= Kurt Mandelbaum =

German-British economist

Kurt Mandelbaum (13 November 1904 - 28 September 1995), also known as Kurt Martin and Curt Martin, was a German-British economist known for his pioneering contribution in the field of the economics of development.

In his youth Mandelbaum was involved with leftist politics and had several years at the Frankfurt School for Social Research.

During the war worked with allied intelligence and subsequently joined the Oxford Institute of Statistics. Whilst at Oxford he undertook his study of the problems of recovery in S.E. Europe. This small book which was to become one of core texts for the new discipline, stressed
- the need to mobilize savings,
- the need for infrastructure,
- the extent of disguised rural unemployment,
- the need for calculating inter-industry calculations (anticipating the use of input-output analysis).
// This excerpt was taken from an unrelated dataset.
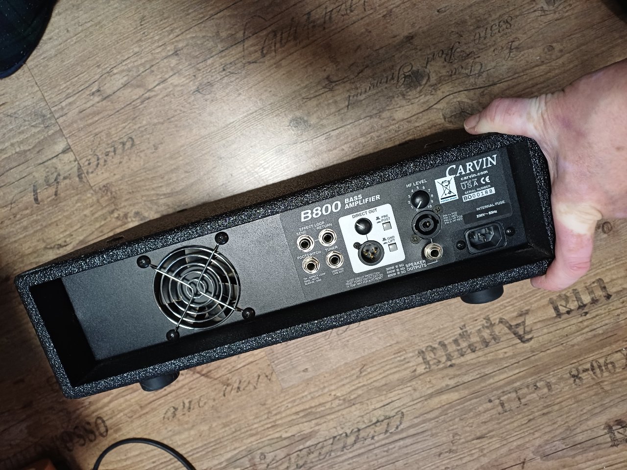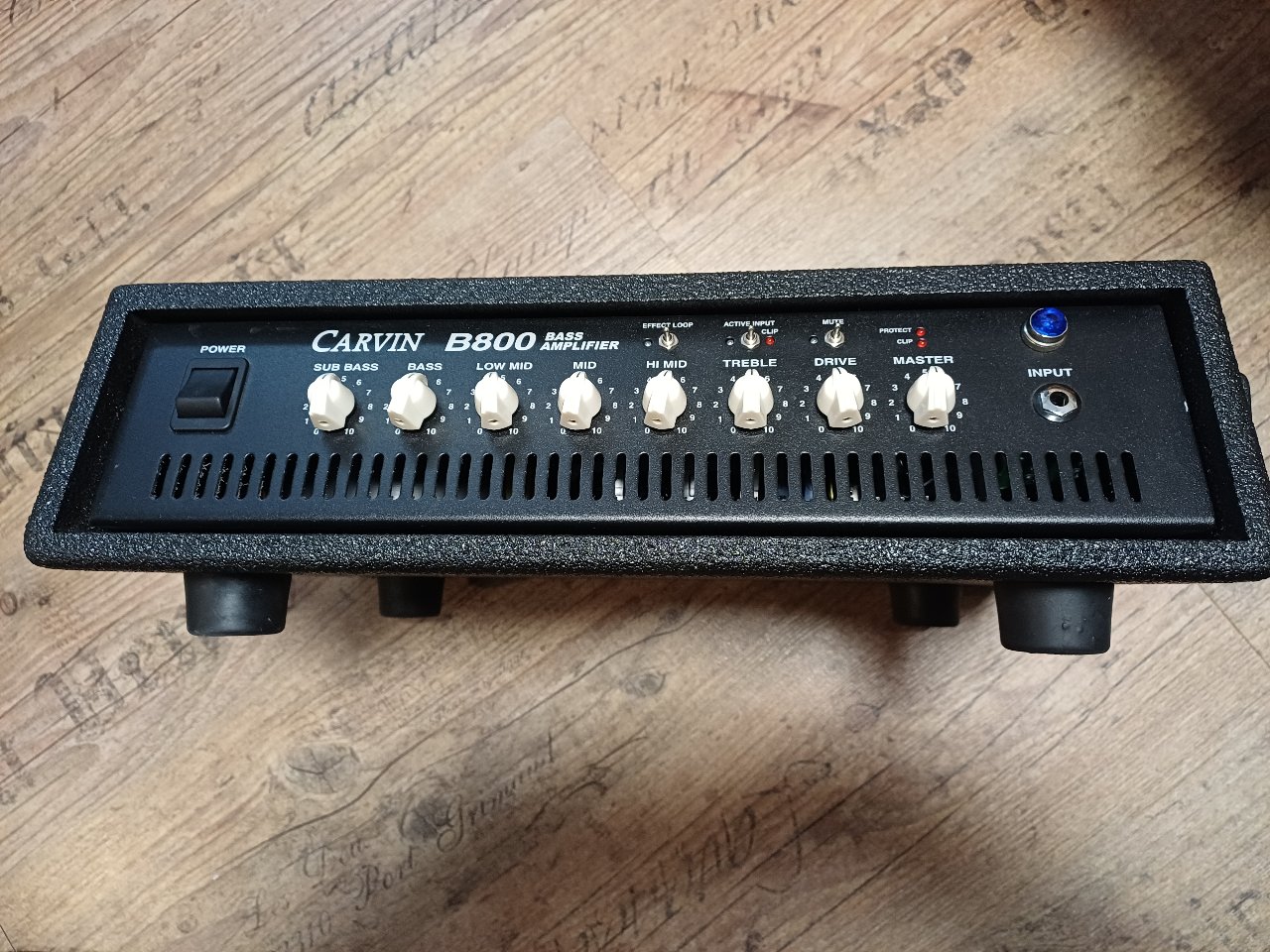 Carvin B 800 Bass Amp, analoger Poweramp im kompakten Gehäuse,ca 10 kg, sehr guter Zustand, vor 3 Jahren komplett gewartet, 800 W an 2, 500 W an 4 und 300 w an 8 Ohm, sehr guter lauter und charaktervoller amp. Power ohne ende mit sehr gutem DI ausgang.

In 1950 he moved to Manchester and with his colleague W. Arthur Lewis helped establish the Department of Economics at the University of Manchester as a major centre in Development Economics research and teaching. After retiring from Manchester he worked for a further seventeen years at the Institute of Social Studies at The Hague.

Mandelbaum (also known as Kurt Martin and Curt Martin) was one of a group of emigre economists from Central Europe who played a large role in founding the discipline of development economics in the UK, during and shortly after World War II. In general these economists doubted the usefulness of neoclassical economics with its presumptions of smoothly operating markets and saw the role of the state as being key to the development process. The industrialization debates in the USSR in the 1920s were their starting point.